The issue was being investigated by the OCaml community since
2017-01-06, with reports of malfunctions going at least as far back as
Q2 2016. It was narrowed down to Skylake with hyper-threading, which is
a strong indicative of a processor defect. Intel was contacted about
it, but did not provide further feedback as far as we know.
Fast-forward a few months, and Mark Shinwell noticed the mention of a
possible fix for a microcode defect with unknown hit-ratio in the
intel-microcode package changelog. He matched it to the issues the
OCaml community were observing, verified that the microcode fix indeed
solved the OCaml issue, and contacted the Debian maintainer about it.

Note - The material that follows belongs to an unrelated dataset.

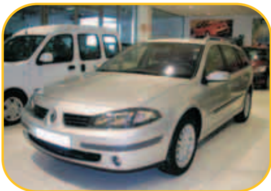
LAGUNA GRAND TOUR EXPRESSION 1.9 DCI 130CV

PVP 28.540 € PVP ESPECIAL KMO 19.900 € AHORRO 8.640 €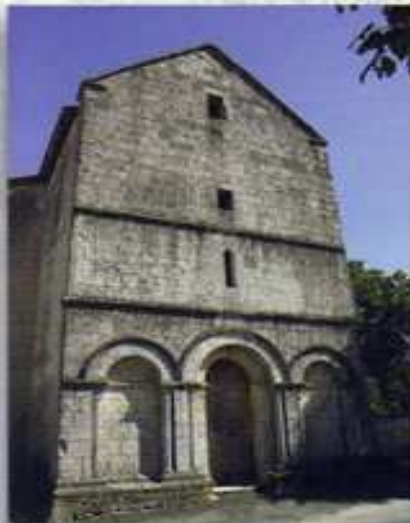
Un village fort sympathique : Voulgézac

Apparently, Intel had indeed found the issue, *documented it* (see
below) and *fixed it*. There was no direct feedback to the OCaml
people, so they only found about it later.
They forgot to follow up on a support ticket. As your quotation mentions, the issue was documented and fixed. Calling that "inexcusable" is a bit strong, don't you think?

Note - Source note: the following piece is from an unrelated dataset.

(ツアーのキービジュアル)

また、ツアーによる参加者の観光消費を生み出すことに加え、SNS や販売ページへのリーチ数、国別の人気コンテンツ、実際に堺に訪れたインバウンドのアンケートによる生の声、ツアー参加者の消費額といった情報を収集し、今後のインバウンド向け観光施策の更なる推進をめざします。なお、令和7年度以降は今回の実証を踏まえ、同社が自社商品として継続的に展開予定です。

I'm not a particularly big fan of Intel's practices, but the reactions in this thread seem a bit too strong to me.
It wouldn't be a big deal if this was just software, but the fact that Intel allowed a PROCESSOR bug to be reported, tested, and fixed without telling anyone that the bug actually exists is honestly horrible. You can't just let CPU bugs under the run since it can throw the stability and reliability of the entire system into question. The people that reported it shouldn't have to dig through Intel microcode updates and test different fixes to see if the bug they found was fixed. Hardware manufacturers (especially processor manufacturers) need to be held to a higher standard when it comes to bug reporting and this kind of behavior really has no excuse.

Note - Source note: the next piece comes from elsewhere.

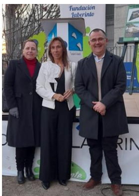
Colocación de la "Primera Piedra" del Centro Polivalente Palante de la Fundación Laberinto

It's an excuse that is commonly given - but easily avoidable if you care enough about the ones that pay your salary by buying processors from your company.
And not only that, but they did much more than the average Joe and essentially pin-pointed the issue for them. So yeah, inexcusable it is.
I agree. It's totally possible that Intel found the bug in another bug report, fixed it, closed that bug report, and never realized that the OCaml bug was related.
It's totally plausible that Intel detected this bug independently with their own verification effort or through another customer. Matching different defect reports when "unexplained" or nondeterministic behavior is the expected result can be challenging.
We had been seeing this one on and off on some of our machines, and were already at least mentally pointing the finger to the LWT library. Turns out these machines were affected. That's one less worry.